We next measured the effect of our major parameter, the number of suboptimal solutions considered for each sequence, on the performance of RNAspa. Results are shown in Figure 7. As expected, a larger set of suboptimal solutions tested yields better accuracy. However, it seems that about 150 vertices are sufficient, as the accuracy level doesn't increase substantially if the number of vertices is further increased.

The second parameter used by RNAspa is the number of samplings performed on the space of permutations of the order of the sequences. As we illustrated above, comparing the sequences in an arbitrary order is likely to yield an average MCC score. However, our results suggested that performing a small number of samplings on the order permutation space is sufficient to ensure reliable results. On the other hand, it is difficult to identify the optimal order, as the search space is exponential in the number of sequences. In practice, the optimal result offers only a small improvement over the typical performance of the algorithm, while it demands exponential time as there are *N*! possible permutations, where N is the number of sequences. The contribution of the number of samplings to the accuracy level is illustrated in Figure 8. With small sample size, the MCC score improves as the number of samples taken increases, but it reaches limiting returns when the number of samples exceeds four. The diminishing improvement can be explained by the fact that only a small fraction of the order permutations need to be re-sampled in order to significantly improve their score.

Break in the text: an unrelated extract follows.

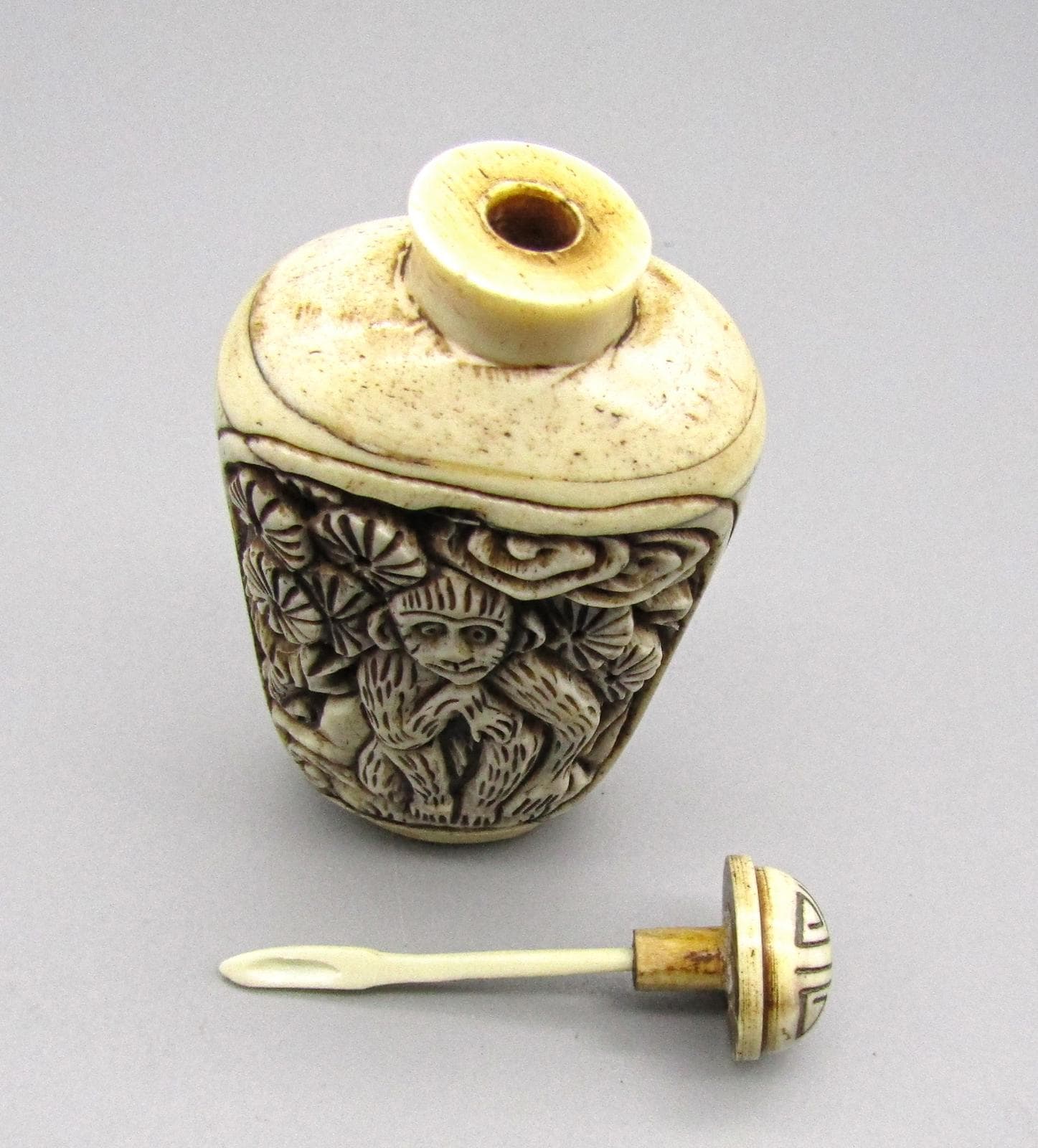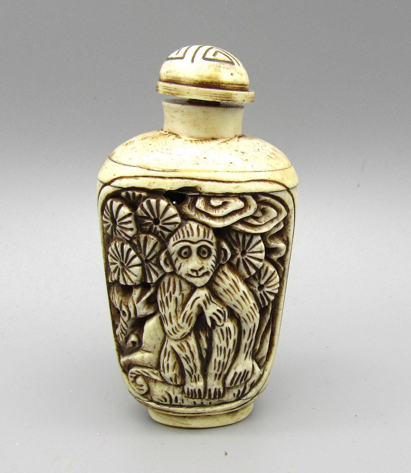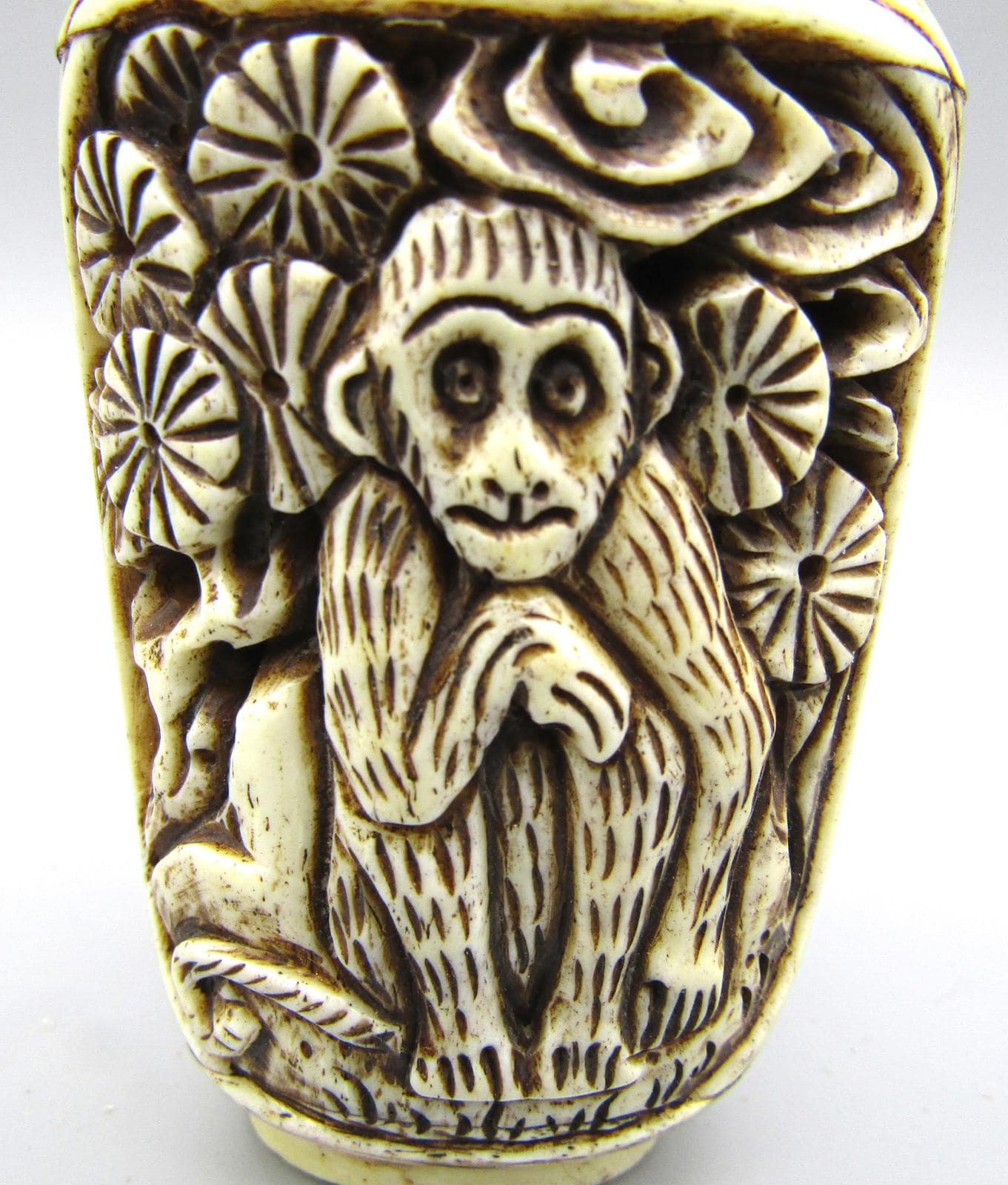 Vintage Chinese snuff bottle featuring intricate carved design of a monkey among foliage.

We also checked how the number of sequences in a set influences the accuracy of RNAspa and its running time. As Figure 9 illustrates, the performance (in terms of the MCC of the algorithm) generally improves as the set size increases from 2 to about 7 or 8. For larger sets, the accuracy is not affected by set size. Note that the run-time is close to linear in the number of sequences.

### Comparison with other programs

We compared our method with four state-of-the-art programs: StemLoc (a component of the DART library, version 0.19b) [32, 35], pmMulti [9], FoldAlignM 1.0.1 [37], and RNAcast (a component of RNAshapes, version 2.1.1 [38, 39]). By default, RNAspa was used with 150 suboptimal structures of each sequence, and 5 samplings of the permutation space. StemLoc was configured with nf = 100. We also ran StemLoc with nf = 1000 but the results did not show a clear improvement and the running time was about 20 fold slower (data not shown). pmMulti, FoldAlignM, and RNAcast were run with their default parameters. The results, based on correlation of the MCC score to the Rfam annotation, which was used as a 'gold standard', are shown in Table 1. In our trials, each the four programs (StemLoc, pmMulti, FoldAlignM, and RNAcast) failed to produce results for at least one of the datasets of the eight families. For two families, Cobalamin and glmS, pmMulti and FoldAlignM failed and could not produce an output due to limitations on sequence length and memory requirements, respectively. RNAcast failed to give a prediction in at least one dataset for seven of the eight families because it couldn't find a common structure. RNAspa was able to handle all the datasets. The performance varied for the different families, but overall, RNAspa performed better than the four other programs. For three out of the eight families, it provided the best MCC scores.

We measured the run-time of the programs. Table 3 shows their performance under the same configuration used in Table 1. We also wanted to explore the relation between the run-time and the length of the sequences in the dataset. We used a set of five SSU rRNA sequences and we measured the run-time for increasingly longer windows. Figure 10 illustrates RNAspa's ability to outperform other programs both in terms of the effect that increasing sequence size has on the runtime and its ability to run on long sequences. All computations were performed on an Intel Xeon 3.0 GHz CPU with 8 GB RAM running Linux.

The results show that RNAcast and RNAspa, the two non Sankoff-based programs, offer the best combination of performance and runtime. RNAcast was significantly faster. In order to further compare the accuracy of RNAspa and RNAcast, we performed an additional test using the same data set that was initially used to evaluate RNAcast [38]. The results, shown in Table 4, show that while both programs performed well, the accuracy of RNAspa was somewhat higher than that of RNAcast (default parameters) for seven out of ten families. An important difference between RNAspa and RNAcast is that the RNAcast program must be able to find a consensus shape in order to process a dataset, while RNAspa will always return a structural prediction. To evaluate the implications of this difference, we examined the ability of RNAspa and RNAcast to handle a contaminated dataset. Frequently, a set of sequences may be 'contaminated' by one or more sequences that do not actually belong to the same family. We took the 10 families mentioned in Table 4 and randomly picked an additional sequence from another family and added it to the dataset (details of these contaminated datasets can be found in [Additional File 4]). The results in Table 5 illustrate that with a contamination of a single sequence, RNAcast was unable to process six out of the ten families, while RNAspa was able to produce results in all runs.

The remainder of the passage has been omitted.